**PROVIDED MATERIAL**
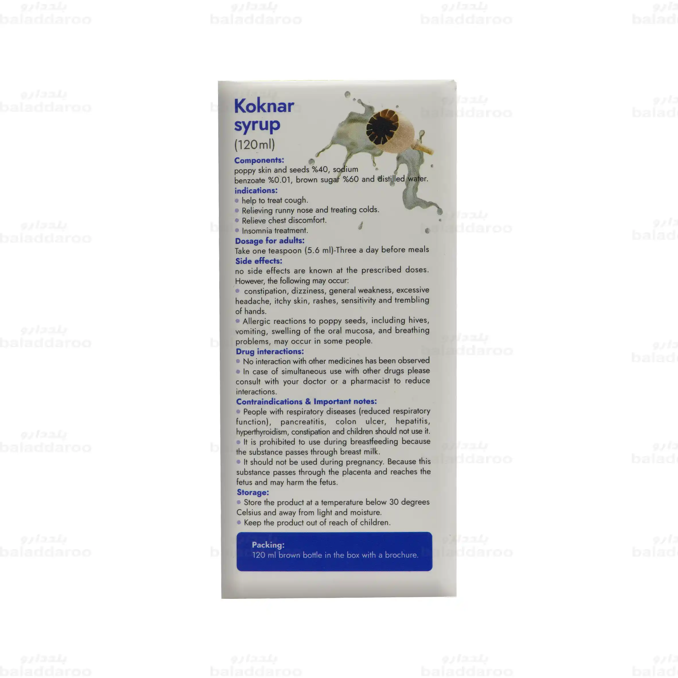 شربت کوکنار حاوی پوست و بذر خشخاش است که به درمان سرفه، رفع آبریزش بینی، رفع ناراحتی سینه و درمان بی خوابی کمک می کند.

...

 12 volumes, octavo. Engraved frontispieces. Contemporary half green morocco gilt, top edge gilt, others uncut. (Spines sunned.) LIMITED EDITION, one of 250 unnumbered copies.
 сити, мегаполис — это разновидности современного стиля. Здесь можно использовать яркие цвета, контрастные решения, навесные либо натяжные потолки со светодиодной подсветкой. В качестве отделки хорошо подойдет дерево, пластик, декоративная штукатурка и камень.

**TASK GOAL**
Please, from the material above, copy only the lines from the line with "12 volumes, octavo." up to and including the line with "сити, мегаполис —", exactly as written.

**FINAL ANSWER**
 12 volumes, octavo. Engraved frontispieces. Contemporary half green morocco gilt, top edge gilt, others uncut. (Spines sunned.) LIMITED EDITION, one of 250 unnumbered copies.
 сити, мегаполис — это разновидности современного стиля. Здесь можно использовать яркие цвета, контрастные решения, навесные либо натяжные потолки со светодиодной подсветкой. В качестве отделки хорошо подойдет дерево, пластик, декоративная штукатурка и камень.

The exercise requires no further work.